Так вот, мама иногда обращалась к тете Сарре с вопросом по поводу предложения Шеера.
— Не знаю, как мне поступить, — говорила она тете Сарре, — Шеер согласен бросить свою семью и жениться на мне, а я не знаю, что ему ответить.
Мама, наверно, задавала этот вопрос, чтобы перепроверить свое решение. И хотя этот разговор затевался не впервые, тетя Сарра делает вид, что обдумывает ответ со всех сторон, и не спешит с ответом. А мама терпеливо ждет, хотя знает заранее ее ответ. Наконец тетя Сарра говорит:
— Нет, чужую семью разрушать нельзя. На чужом несчастье свое не построить. Помни это всегда.
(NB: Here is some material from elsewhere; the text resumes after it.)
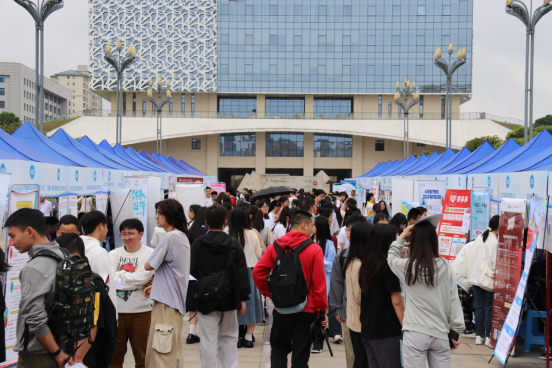 4月17日,beat365在新蒲校区图书馆至学生中心区域广场成功举办2024届毕业生春季招聘会(第二场)。
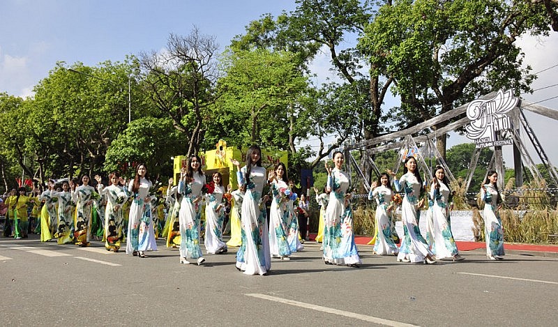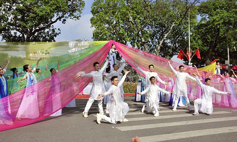 Đoàn diễu hành của Câu lạc bộ Văn hóa Áo dài với vẻ đẹp thướt tha của những tà áo dân tộc; đoàn diễu hành của doanh nghiệp du lịch Hà Nội kết hợp nhảy Flashmob.

И мама, конечно, соглашалась с ней.
— В конце концов, — рассуждала она во всеуслышанье, — я же не виновата, что у Шеера такая некрасивая жена. Он же видел, на ком он женился. И что из того, что он был в безвыходном положении, что он перебежал к нам из Польши, как говорится, в чем мать родила. Гол как сокол, не имел угла, где голову притулить. Приобрел же он с этой «красавицей» и угол и тепло. Нажил двух сыновей. Пусть и дальше живет с ней. Нет, я не буду им мешать.
Тетя Сарра права. Мамины рассуждения нам нравятся. Зачем нам этот маленький Шеер? Наш отец, судя по рассказам мамы и по фотографии, был в сто раз лучше этого Шеера! Но мама все-таки что-то оставляет себе на уме, потому что со вздохом продолжает:
— Такова моя судьба, и ничего уж теперь не изменишь. И пусть уж будет все так, как оно есть, но не хуже.
Тетя Сарра с ней соглашается. Они, наверно, друг друга понимают лучше, чем я думаю. Все-таки мама у нас умная и рассудительная женщина. Иначе и не могло быть. Ведь мудрость мышления накапливается у человека не после легкой жизни, а именно после жизни, наполненной трудными испытаниями, когда человек познал жизнь насквозь со всеми ее положительными и отрицательными сторонами. Когда человек, как говорится, прошел огонь, воду и медные трубы. А с моей мамой все это почти произошло. И если она при этом не потеряла бодрость духа, то это говорит о ее мужестве и способности преодолеть любые невзгоды.
Я коротко сообщу вам ее автобиографию, и вы сами убедитесь в этом. Родилась мама в Бобруйске на самой окраине Московской улицы. Позади их маленького домика были одни пустыри. Домик их состоял из одной комнаты, в которой стояли: русская печь, стол и две скамьи. Как рассказывает мама, шкафов и буфетов не было — одни голые стены. Семья у отца была большая: три дочери и пять сыновей. Заработка отца хватало только на еду. Часто жили впроголодь. Спали все вдоль стены на соломе. В такой обстановке прошло детство моей мамы. Ничего радостного или веселого о своем детстве мама вспомнить не могла.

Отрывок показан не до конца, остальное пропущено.